Although there's supposedly more to come, the presentation focussed solely on the inaugural 'party' on the first weekend in June 2018. Following a model well-established abroad – and the success of Halloween Soirees of recent years – it'll be an upcharge event featuring one-off entertainments, rare character meets and exclusive food & merchandise options.
Promotional material suggests the event itself will be a single night at the Walt Disney Studios Park. Though, given the constant references to a weekend of festivities, I'd expect to see a hotel package pushed as the primary – if not only – option.
During the presentation, it was noticeable how many references were made to what distinguishes a "fan." Robert's written well about Disney as a lifestyle brand in the past, and it was clear here that Disneyland Paris are stepping up their attempts to maximise revenue from that.
It speaks to where management have decided the money is – or perhaps the revenue streams they're yet to tap into – that this event, created "for fans," is focused almost exclusively on character-based entertainment. Diversity in the resort's offerings is no doubt on the way with big things promised for the future now that TWDC have succeeded in their takeover. But it did lead a few fans to ask:
Nice event but... where are Imagineering panels? Exclusive backstage tours of rides? Sneak peek of Phantom Manor refurb? I wanna see that! https://t.co/Yt1QvzA0oK— Spinatmädchen (@spinatmaedchen) October 1, 2017
While I was there, I had the chance to check out the Halloween Festival entertainment on its first official day. With 25th anniversary celebrations still in full swing, changes aren't quite so evident at first glance as they have been in previous years.
Largely evicted from its recent haunt of Main Street USA, there's a Día de Muertos overlay to part of Frontierland and a couple of small processions. Surprisingly, it's the decorative work makes the biggest impact – a celebration of South American festivity that subtly nudges Pixar's forthcoming release Coco without feeling like pure marketing ploy.
Designer Thomas Gallou explained how they took cues "from the traditional roots of South American culture. We created new scarecrows, and each one has its own colourful and realistic costume, as well as alebrijes: brightly coloured fantastical animals."
That emphasis on colour comes into its own at night, when the area has a particularly haunting glow. There's even a full mariachi band turning up every so often, bringing the area nicely to life.

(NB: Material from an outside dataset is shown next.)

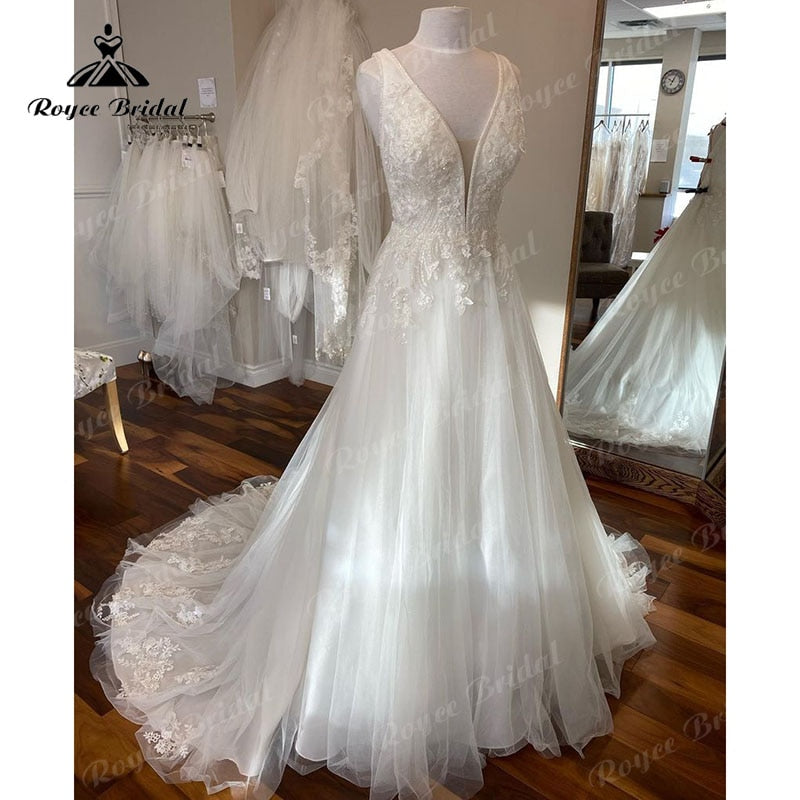 Roycebridal trouwjurk Champagne Wedding Dress Lace Bodice Applique Deep V Neck Lace Wedding Gown Custom Made Robe De Mariee Roycebridal

The Mariachi Band in Front of Fuente del Oro are one of the highlights of Halloween in Disneyland Paris. These guys are fantastic. pic.twitter.com/Cx3ldH1WWw— Dedicated to DLP (@DedicatedToDLP) October 6, 2017
Taking this locale as influence, Goofy’s Skeletoons Street Party appears seemingly out of nowhere throughout the day, mixing skeletons, scarecrows and the obligatory Disney characters to create an oddball vibe that works surprisingly well. It's not something to camp out for, lasting only a few minutes, but a cute thing to stumble upon – and a fun change of tone from other street entertainment in the parks.
Less inventive is Mickey’s Halloween Tricycle Gang, which sees a selection of characters rolled out down Main Street USA in cage-like vehicles. It undoubtedly fulfils the need to get the characters out in public, but just as with the Royal Welcome procession during Frozen seasons, I was left wishing for something a bit more creative in the execution. (Would it have been too tricky to have the characters themselves riding the tricycles? Disneyland Paris are undoubtedly at their best when indulging in the weirder side of the entertainment spectrum.)
So the holding pattern of celebrations and characters continues, for now. But with rumours of a DCA-style Marvel season next summer heating up, a Mission: Breakout clone following that, and unexpected height test balloons over Frontierland, bigger things are looking increasingly near.